- Born: Edith Scott February 18, 1918 Madisonville, Texas, U.S.
- Died: July 1, 2018 (aged 100) Terrell Hills, Texas, U.S.
- Occupations: Civic leader; philanthropist;
- Spouse: Walter W. McAllister Jr. ​ ​(m. 1940)​
- Children: 4

= Edith McAllister =

American civic leader and philanthropist (1918–2018)

Edith McAllister (February 18, 1918 – July 1, 2018) was a San Antonio civic leader, philanthropist, and a founder of the Southwest School of Art in San Antonio, Texas. She was also the first woman in the United States to be a campaign chairman for United Way.

She was president of the San Antonio Art League, president of the San Antonio Museum Association, president of Women's Committee of the San Antonio Symphony, president of Cancer Therapy and Research Center (now the Mays Cancer Center at the UT Health San Antonio Cancer Center), and a founding trustee and president of the Southwest School of Art.

== Early life and education ==
McAllister was born February 18, 1918, to Rosa Wilson and Reece W. Scott in Madisonville, Texas; Edith had one older sister named Lucille. Reece W. Scott went to University of North Carolina and University of Texas Law School, and later served as a member of the Texas Bar Association. Before moving to San Antonio, Texas, her family lived in Davenport, Iowa.

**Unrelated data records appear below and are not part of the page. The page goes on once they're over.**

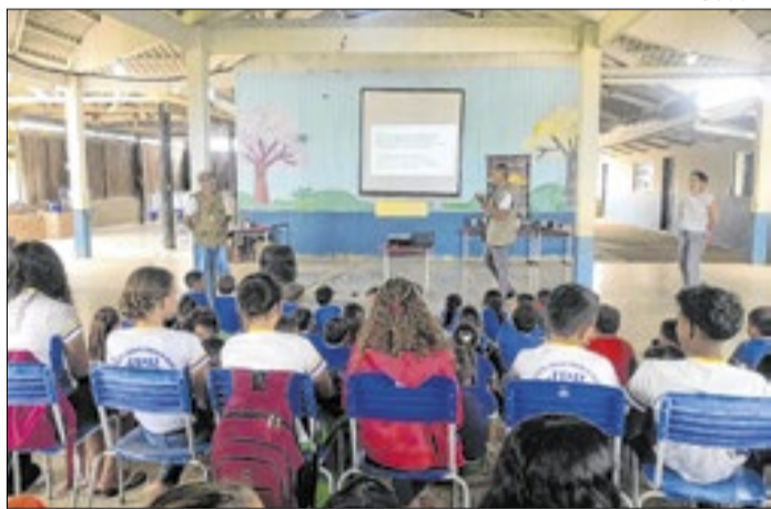
Ações visam conscientizar a população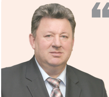
Владимир КАШИН, заместитель Председателя ЦК КПРФ, Председатель Комитета по природным ресурсам, природопользованию и экологии Государственной Думы РФ, академик РАН

« - Одним из главных направлений работы Компартии является поддержка тех, кто трудится на земле. Совхоз имени Ленина - это сельхозпредприятие, которое выживало и выживает в экстремальных условиях. Здесь все достойно трудятся, получают хорошую зарплату.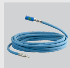
APP AP 1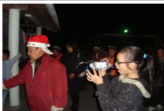
【圖 8】12.22 晚上報佳音，信徒家！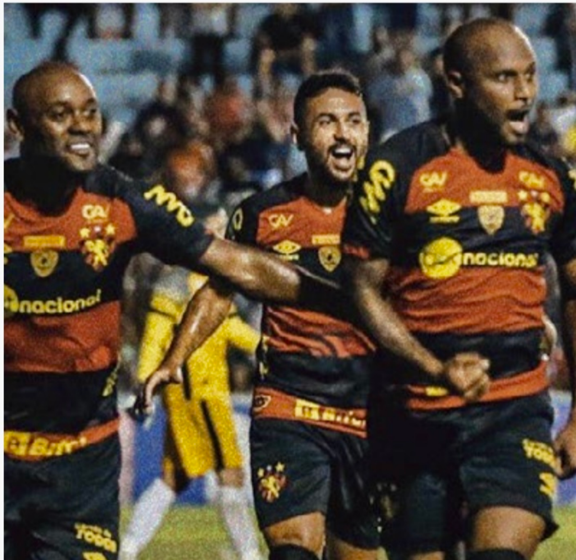
Sport venceu o Salgueiro por 2x1 no Campeonato Pernambucano 2023

Em tempo, O Sport volta a campo no próximo sábado (21), quando fará sua estreia na Copa do Nordeste contra o ABC-RN, na Ilha do Retiro, às 19h30. Já o Salgueiro só volta a campo na terça da semana que vem, quando visitará o Íbis, no Gileno de Carli, novamente pelo Campeonato Pernambucano.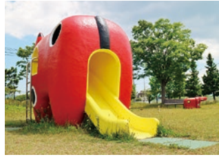
赤ベコの後ろから滑って登場! 大人でも十分入れる大きさです

会津地方の伝統工芸“赤ベコ”をテーマにした公園で、そこかしこに赤ベコのベンチや遊具があります。以前テレビ番組で赤ベコが紹介されたことで一躍脚光を浴び、話題となりました。赤ベコファンの中で密かに注目が集まっているスポットです。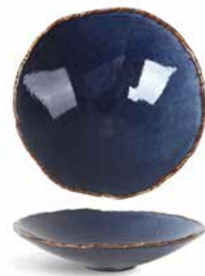
P1503006 NEW PLATO HONDO DEEP PLATE Ø24x6cm | 6u.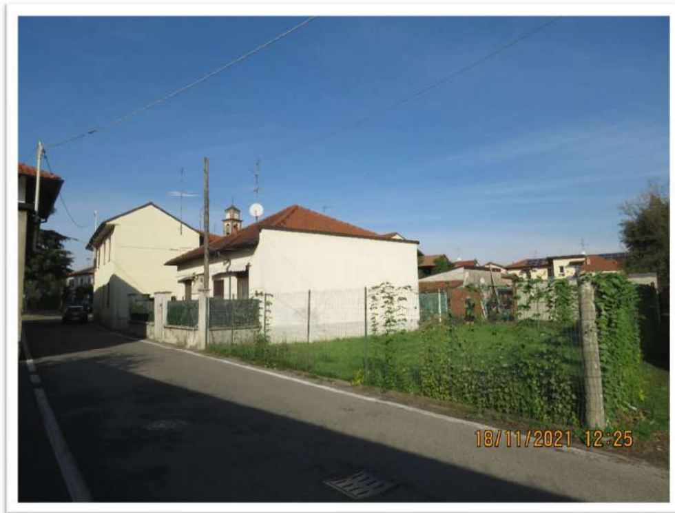
L'intorno: via Isonzo.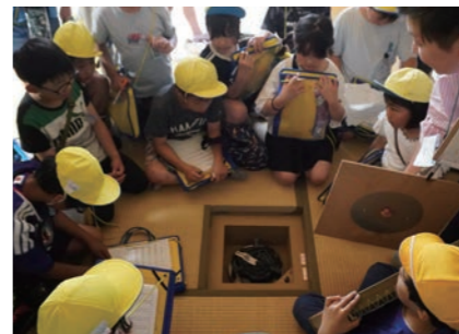
真美ヶ丘第一小学校3年2組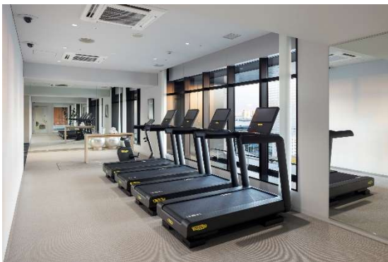
フィットネスルーム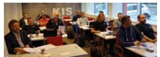
UPK kurs 22. september 2015.

Noe av det flotteste med KIS Skolen er at den har blitt et samlingspunkt for alle ansatte fra 21 avdelinger i hele Norge. Vi arrangerer felles middag og kveldsaktiviteter ved alle kurs. Dette skaper en unik intern relasjonsbygging i KIS.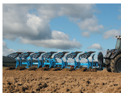
ハイブリッドプラウ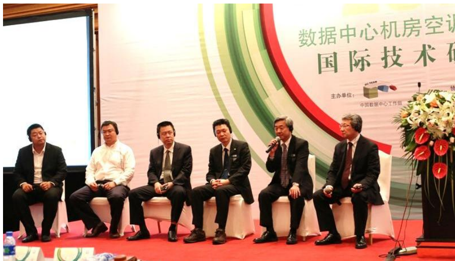
研讨会现场互动环节

会议厅外，日立所带来的先进产品、尤其是吊顶式高效节能空调系统吸引了与会人员纷纷驻足参观，询问相关的技术细节。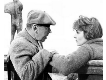
1963 LES DAMNÉS (The Damned) de Joseph Losey avec Viveca Lindfors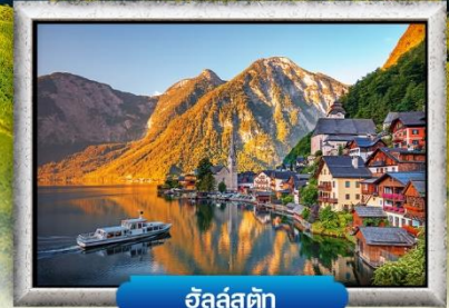
อัลสส์ตัก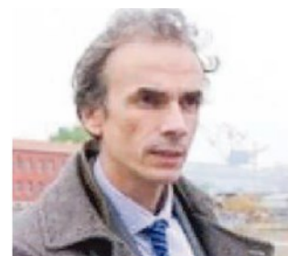
Andrea Ferrazzi, senatore Pd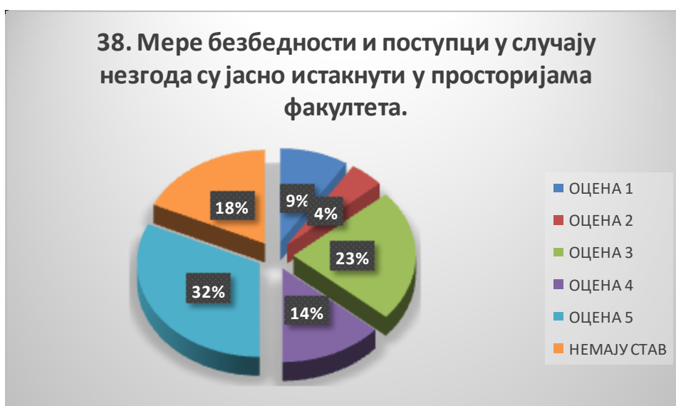
Сл. 3.38 Графикон 38

Општи закључак: Испитивани показатељ квалитета СП је високо оцењен.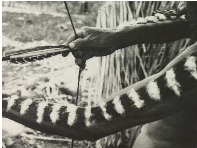
Position de la main droite pour le tir à l'arc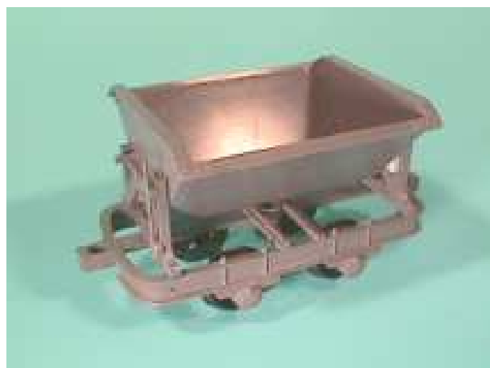
Fertige Kipplore noch ohne Kupplung

Als erster Arbeitssgang werden die Arretierhebel in die beiden Löcher gesteckt und mit Sekundenkleber oder Plastikkleber (zB. Fallert) in den Bohrungen fixiert. Die fertigen Muldenstützen werden in das Fahrgestell eingesteckt, dabei die Nasen in die Bohrungen des Fahrgestells einrasten lassen. Nach dem Ausrichten werden die Stützen mit Kleber verklebt. (Bitte wenig Kleber verwenden)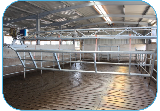
zarošťovaná čekárna s příhaněčem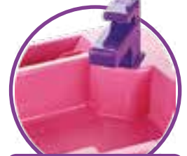
TORNEIRINHA COM MOVIMENTO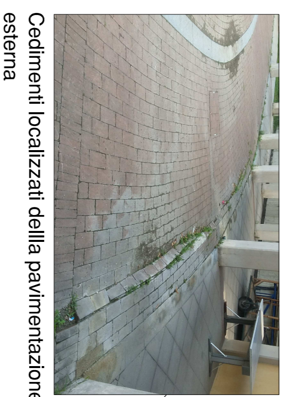
Cedimenti localizzati della pavimentazione esterna

TERRAZZO: - LISCIVATURA DEL PIANO DI POSA, POSA GUAINA IMPERMEABILE E POSA PASTRELLONI CON RIFACIMENTO DEL GIUNTO - INSTALLAZIONE INTONACO NELLE FASCE MARCAPIANO DEL TERRAZZO - INTERAZIONE DI TERRENO VEGETALE E PIANTEGGIAMENTO NUOVE SPECIE ARBUSTIVE SERRAMENTI - SUB-VERTICALI NELLA PALESTRA: POSA DI GUAINA IMPERMEABILE, REVISIONE E SIGILLATURA DEI GIUNTI, POSA NUOVA SCOSSALINA - FACCIATA/AFFACCIO SU TERRAZZO: REVISIONE E SIGILLATURA DEI GIUNTI - PAVIMENTAZIONE ESTERNA: - POSA DI NUOVO STRATO DI ALLETTAMENTO COSTIPATO CON RETE ELETTROSALDATA E INGHISSAGGI ALLA TRAVE DI BORDO - POSA DEI PASTRELLONI - OPERE DA LATTOINERRE: - SOSTITUZIONE DI GRONDAIE E PLUVIALI DAL TERRAZZO AL PIANO TERRA IN ACCIAIO INOX CON PASTRELLONI - INSERIMENTO DI SCOSSALINA DI PROTEZIONE FRONTALINI SOALIO - INSERIMENTO PLUVIALI DAL PIANO COPERTURA PALESTRA AL TERRAZZO IN ACCIAIO INOX - INTERAZIONE DI TERRENO VEGETALE E PIANTEGGIAMENTO NUOVE SPECIE ARBUSTIVE - SOSTITUZIONE BACCHETTE MANCANTI NELLA RINGHIERA A DELIMITAZIONE DELLA ZONA POGGA - SOSTITUZIONE CONTROSOFFITTO DANNEGGIATO DA INFILTRAZIONI D'ACQUA (SALA PSICOMOTORICITA' PIANO TERRENO) - RINZAFFO, INTONACO INTRADOSSO SOALIO TERRAZZO (ZONA GIUNTO)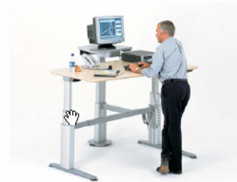
Alvar / Herman Miller

Elektrische verstelling, 60 - 125 cm Vanaf € 1.400,-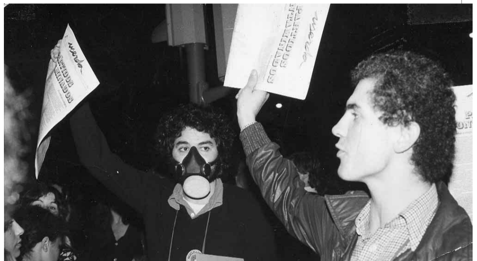
LA REVISTA S'OFERIA A LA SORTIDA DELS ACTES POLÍTICS I A LES MANIFESTACIONS.

Després d' Userda i de l'experiència autogestionària de Diario de Barcelona , van venir uns quants anys de silenci, fins a la creació el 1996 de l'associació Una Sola Terra. Mentrestant, havia sorgit una associació de periodistes especialitzats en informació científica i ambiental amb clara vocació gremialista i de no trepitjar els ulls de poll de les grans empreses del sector químic i energètic de les quals re-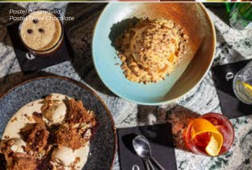
Pastel de Carajillo Pastel Triple Chocolate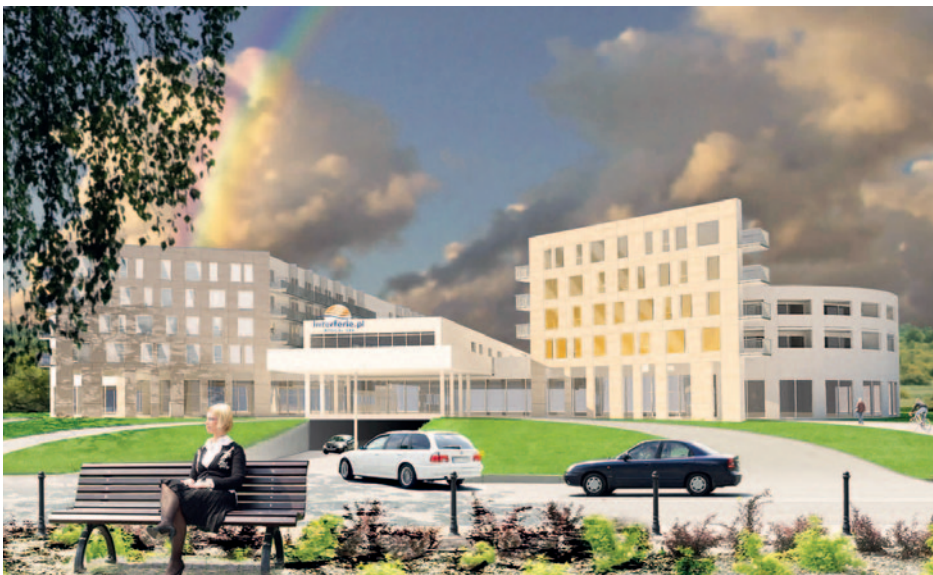
Kurkomplex Medical Spa (Zeichnung)

Perlbad, Wirbelfußbad, Wassergymnastik, Hydrojet, Diodynamik, Iontophorese, Phonophorese, Galvanotherapie, TENS-Ströme, Interdynamik, Sollux-Lampe, Biopton-Lampe, Infrarottherapie, Magnetfeldtherapie, Kryotherapie, Moorpackungen, Inhalation, Gruppengymnastik.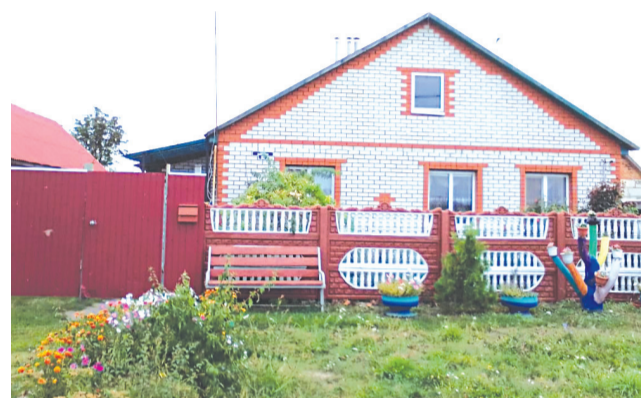
Подворье Катуниных, ул. Каменка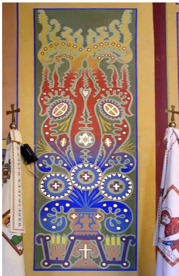
14. Modest Sosenko, Drzewo Życia z symboliką Serca Chrystusowego w malarstwie ściennym , 1912–1913, polichromia w cerkwi św. Mikołaja w Złoczowie

Nawet tych kilka przykładów dorobku Modesta Sosenki służyć może za podstawę do obserwacji procesu kształtowania się manieri artysty. W świątyni w Podbrzeźcach zauważalne jest jeszcze jego zakłopotanie, przejawiające się w angażowaniu różnych źródeł i próbie ich połączenia w całość ideową oraz stylistyczną po przepuszczeniu przez własne uczucia estetyczne. W późniejszych realizacjach widzimy przejaw większej swobody, brak ograniczenia pierwowzorami, operowanie już opracowanym i zaaprobowanym ogólnym systemem fresków, korygowanie proporcji ich podstawy konstrukcyjnej, mniej więcej ukształtowany zestaw motywów ornamentalnych, uwzględnienie specyfiki architektury. W ostatniej pracy artysta prawie całkowicie zrezygnował z obrazów figuratywnych, wprowadził do systemu fresków nową stylizowaną ornamentykę roślinną. Łącząc ją ze starszymi wzorcami,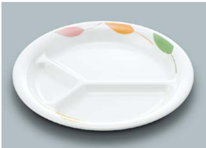
MS-541 HNE(葉音) ミツ仕切皿 A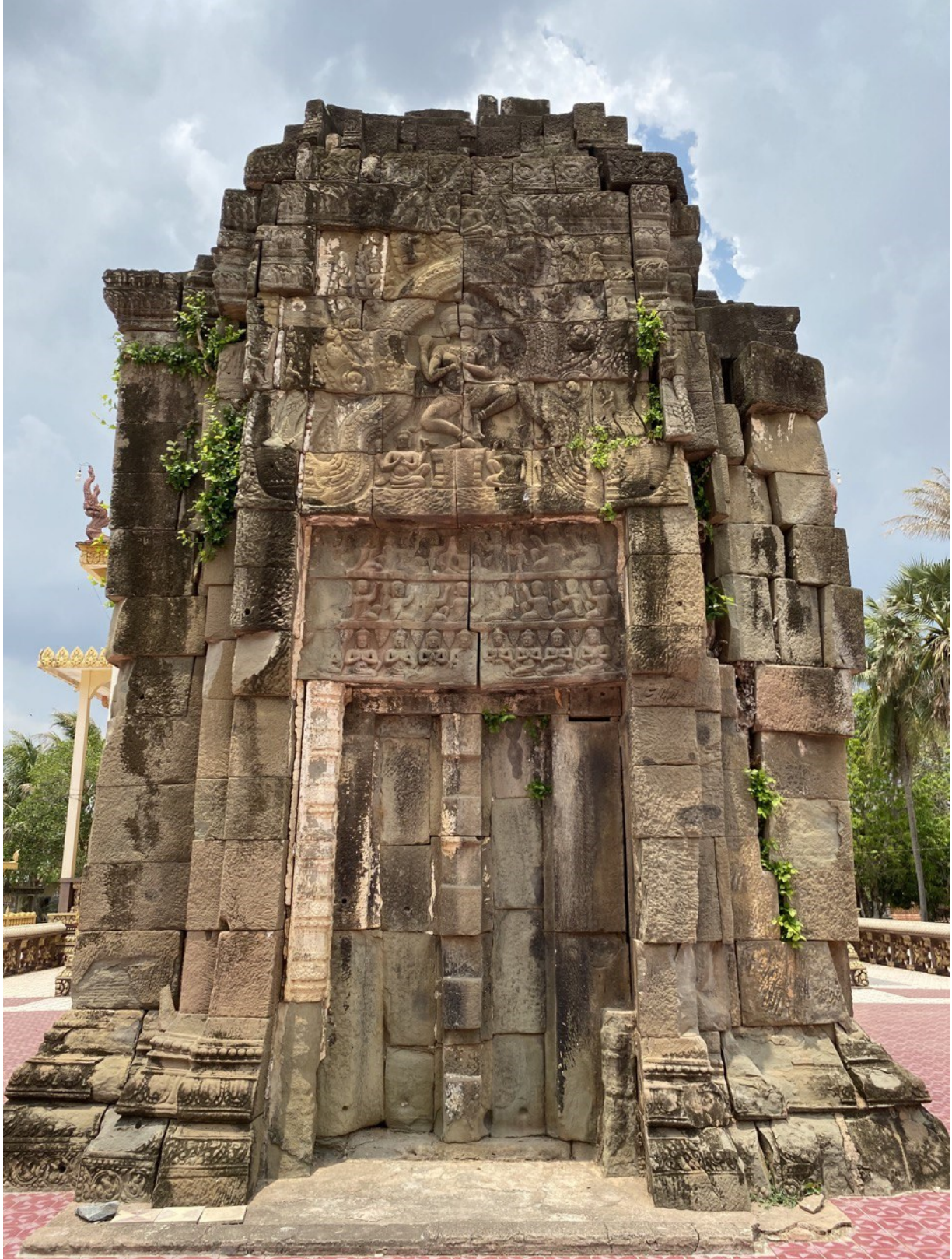
រូបលេខ២៖ ប្រាសាទយាយពៅ ខេត្តតាកែវ ចុងស.វ.ទី១២

When McAllister was ten years old, her family moves to San Antonio. Her father had plans to develop the Hot Wells Hotel and Spa which was unsuccessful due to the Great Depression. McAllister attended Jefferson High School in San Antonio, Texas, from 1929 to 1933. She attended University of Texas at Austin and was a member of Kappa Alpha Theta sorority. She planned to get a degree in business administration, however she did not graduate from the university because of lack of funds.

McAlliseter met her husband, Walter McAllister Jr., met in high school and both attended the University of Texas. Her husband did not complete college but became a successful banker in San Antonio; he was the son of San Antonio mayor Walter McAllister Sr.

== Philanthropy ==
McAllister herself would say that she became bored with “sitting around playing cards”, and first began volunteering with the San Antonio Junior League. She had the support and mentor-ship of her husband's father, Walter McAllister Sr. Her efforts in Junior League expanded to fundraising for the development of Southwest Craft Center in 1972, now the Southwest School of Art and Craft, a four-year art school in San Antonio. She served as a Girl Scout leader, president of the Alamo Heights Junior School PTA, and Mistress of the Robes for the Fiesta coronation of 1965.

McAllister volunteered her time to help develop San Antonio. She served as co-chairmen of the development committee for the University of Texas at San Antonio for thirteen years to help improve demographics. In San Antonio she also served as a volunteer in the Battle of Flowers Association. McAllister was the first woman to serve on the Boy Scouts board. She helped found the Cancer Therapy and Research Center that is now a part of the UT Health and Science Center. She also helped found the Center for Medical Humanities and Ethics. She served on the Centennial Commission for UT Austin and the board for the University of Texas Marine Science Institute.

In 1972, McAllister led the San Antonio United Way Campaign. She was the first woman to hold this position and while campaign chair she helped raise $3.7 million for San Antonio and Bexar County. At one time she served on 22 boards simultaneously.

== Personal life and death ==
Edith married Walter W. McAllister Jr., who was the son of Walter W. McAllister Sr, a five-term mayor of San Antonio. Edith and Walter Jr. married on July 25, 1940, and had four children. Edith dated McAllister throughout her senior year of high school and attended college together. The couple married in Christ Episcopal Church in San Antonio, Texas. Together the couple had four children; Walter III (“Bo”), Taddy, Reagin, and Eloise. During her childhood, McAllister was influenced by her father's appreciation for ballroom dancing. She continued dancing and water skiing until she was 92.

She died July 1, 2018, in her home in Terrell Hills, Texas of congestive heart failure at the age of 100.

== Legacy ==
The Animal Rehab Facility at the University of Texas Marine Science Institute is now named after her. A building and a grant at the Southwest School of Art is named in her honor as well.

McAllister was inducted into the Texas Philanthropy Hall of Fame in 1998 by the Philanthropy in Texas magazine for her fund-raising efforts over 50 years to support numerous nonprofits including the University of Texas at San Antonio, Boy and Girl Scouts, the Cancer Therapy and Research Center (now the Mays Cancer Center at the UT Health San Antonio Cancer Center), the University of Texas Marine Science Institute, and the Southwest School of Art, among others.